The AgentCore Runtime quota is documented in the official documentation as Active session workloads per account, with a default of 500 in regions other than us-east-1 / us-west-2, such as ap-northeast-1. Since each runtimeSessionId provisions a dedicated microVM, this quota effectively limits the number of parallel sessions. The errors occurred because we hit this quota.
Will ENIs be separate if security groups are different?
So far, we've seen that with all Runtimes using the same SG, the ENI count remained at 2. Finally, let's check what happens if we change just the SG part of the "same subnet and security group" condition mentioned in the documentation.

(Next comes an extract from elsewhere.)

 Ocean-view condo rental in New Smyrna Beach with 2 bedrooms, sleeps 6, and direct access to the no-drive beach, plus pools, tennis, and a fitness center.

I'll redeploy with Runtime 0 using a different SG from the other 9 Runtimes. In the CDK, I'll add a second SG and assign it only when i === 0:
const agentSg = new ec2.SecurityGroup(this, 'AgentCoreSg', { vpc, allowAllOutbound: true });
const agentSgSecondary = new ec2.SecurityGroup(this, 'AgentCoreSgSecondary', { vpc, allowAllOutbound: true });
for (let i = 0; i < props.runtimeCount; i++) {
const sg = i < (props.secondarySgRuntimeCount ?? 0) ? agentSgSecondary : agentSg;
new agentcore.Runtime(this, `AgentRuntime${i}`, {
runtimeName: `${prefix}${i}`,
agentRuntimeArtifact: artifact,
networkConfiguration: agentcore.RuntimeNetworkConfiguration.usingVpc(this, {
vpc,
vpcSubnets: { subnetType: ec2.SubnetType.PRIVATE_WITH_EGRESS },
securityGroups: [sg],
}),
});
}
Deploying with secondarySgRuntimeCount=1 means Runtime 0 will be attached to the Secondary SG, while Runtimes 1-9 will share the Primary SG.

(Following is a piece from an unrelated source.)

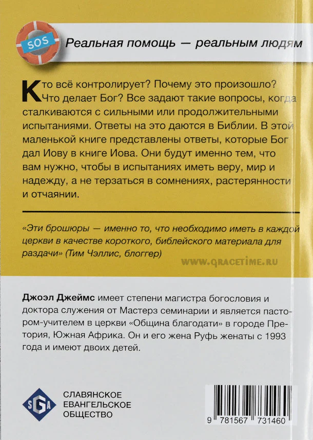 Кто всё контролирует? Почему это произошло? Что делает Бог? Все задают такие вопросы, когда сталкиваются с сильными или продолжительными испытаниями. Ответы на это даются в Библии. В этой маленькой книге представлены ответы, которые Бог дал Иову в книге Иова. Они будут именно тем, что вам нужно, чтобы в испытаниях иметь веру, мир и надежду, а не терзаться в сомнениях, растерянности и отчаянии.

After deployment, let's check the ENIs associated with each SG:
aws ec2 describe-network-interfaces --profile private --region ap-northeast-1 \
--filters "Name=group-id,Values=<Primary SG ID>" \
--query 'NetworkInterfaces[].{Id:NetworkInterfaceId,Ip:PrivateIpAddress,AZ:AvailabilityZone}' \
--output table
aws ec2 describe-network-interfaces --profile private --region ap-northeast-1 \
--filters "Name=group-id,Values=<Secondary SG ID>" \
--query 'NetworkInterfaces[].{Id:NetworkInterfaceId,Ip:PrivateIpAddress,AZ:AvailabilityZone}' \
--output table
=== Primary SG (Runtime 1-9 shared by 9 instances) ===
+------------------+------------------------+-------------+
| AZ | Id | Ip |
+------------------+------------------------+-------------+
| ap-northeast-1a | eni-ccccccccccccccccc | 10.0.2.254 |
| ap-northeast-1c | eni-ddddddddddddddddd | 10.0.3.36 |
+------------------+------------------------+-------------+
=== Secondary SG (Runtime 0 only) ===
+------------------+------------------------+-------------+
| AZ | Id | Ip |
+------------------+------------------------+-------------+
| ap-northeast-1a | eni-eeeeeeeeeeeeeeeee | 10.0.2.233 |
| ap-northeast-1c | eni-fffffffffffffffff | 10.0.3.185 |
+------------------+------------------------+-------------+
Two ENIs were also properly created on the Secondary SG side!
In this verification, with a configuration of 2 subnets × 2 SGs, we ended up with a total of 4 ENIs. At least in this setup, we confirmed that the number of ENIs reflects the combination of subnets and SG configurations, which matches the behavior described in the documentation.
Conclusion
As documented, ENIs do not increase with the number of agents as long as they use the same subnet and security group! It's interesting to verify in practice what's written in the documentation.
I hope this article was helpful. Thank you for reading to the end!